Милая, дорогая Алевтина, ничего другого он от неё и не ожидал.
Когда их уплотнили, к ним в квартиру въехало целых две семьи. Ленту, как парнишке, это мешало только тогда, когда дядя Петя не разрешал гонять по коридору на велике. Дядя Петя был паркетчиком. Из его комнаты всегда пахло деревом и лаком. Сколько лет уж там архив, а запах лака и дерева, как и прекрасный паркет, выложенный розой ветров, сохранились. Все думают, что пол старинной работы. Лент обычно не спорит.

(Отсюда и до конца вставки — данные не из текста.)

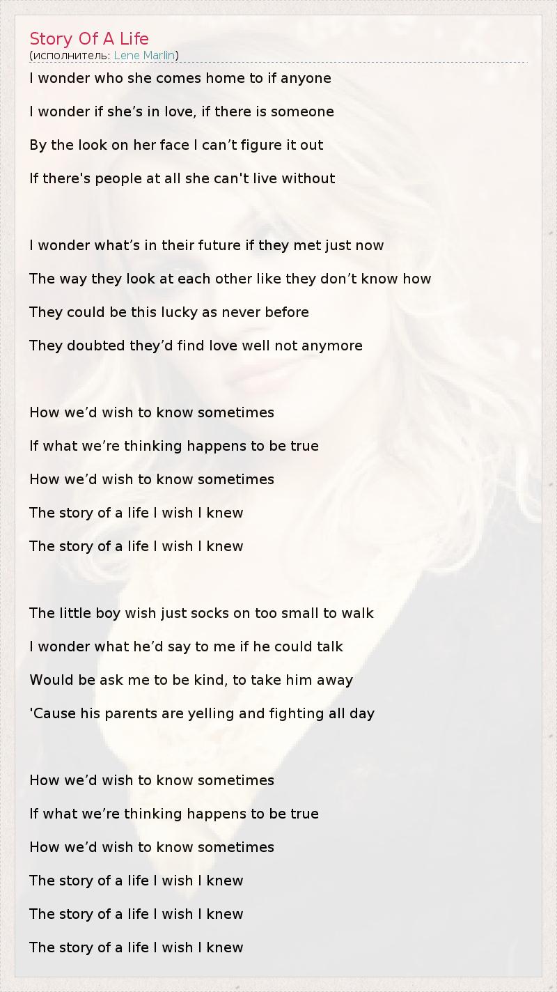 А как ты думаешь, о чем песня "Story Of A Life" ?
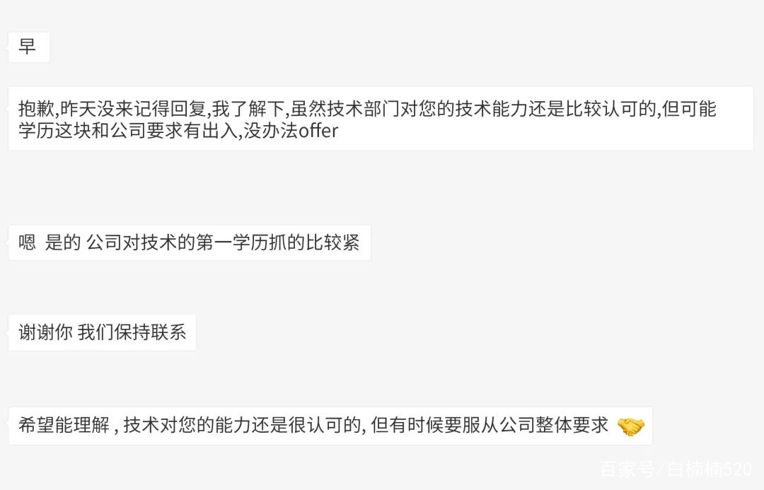 第二天就得到回复:技术过关,学历不达标,不能发OFFER。

Вторые соседи заняли две комнаты, нынешнюю спальню Алевтины и гостевую. С ними он сталкивался ещё реже, чем с паркетчиком. Там жили две сестрички с мамой и бабушкой. Играть с девчонками начинающему школьнику было даже не стыдно, а просто противно. Что они понимают вообще, кроме своих лент и рюш? Да и девочки не стремились к сближению, откровенно не одобряя грязные ногти и расквашенные коленки «некоторых». Одно слово – фифы. Младшую даже звали похоже, Фирой. Правда, она как раз была поприятнее и рож не корчила. Алевтина говорила, что у Фирочки большое будущее – кормилица дружила с бабушкой сестричек. «На общей кухне как не дружить?», говаривала она, но Лент подозревал, что дело было не только в кухне. Та бабушка была очень сильной светлой и неплохо разбиралась в том, куда её занесло. Всё повторяла, что «мы у вас не более, чем в гостях, осели временно и исключительно волею благоволящей к нам судьбы». Как-то так, очень высокопарно.
В тот день, о котором говорила Алевтина, Лент решил пригласить к себе всех одноклассников и друзей по спортивной секции. Коммуналка трещала по швам. Фира помогала Алевтине. Совсем не заботясь о своём внешнем виде, в домашнем летнем платье из лёгкого шифона, тапочках и коротеньких носочках, она носилась по квартире, разносила и разливала морс, а когда Лент не успевал к дверям сам, даже встречала его гостей в качестве хозяйки.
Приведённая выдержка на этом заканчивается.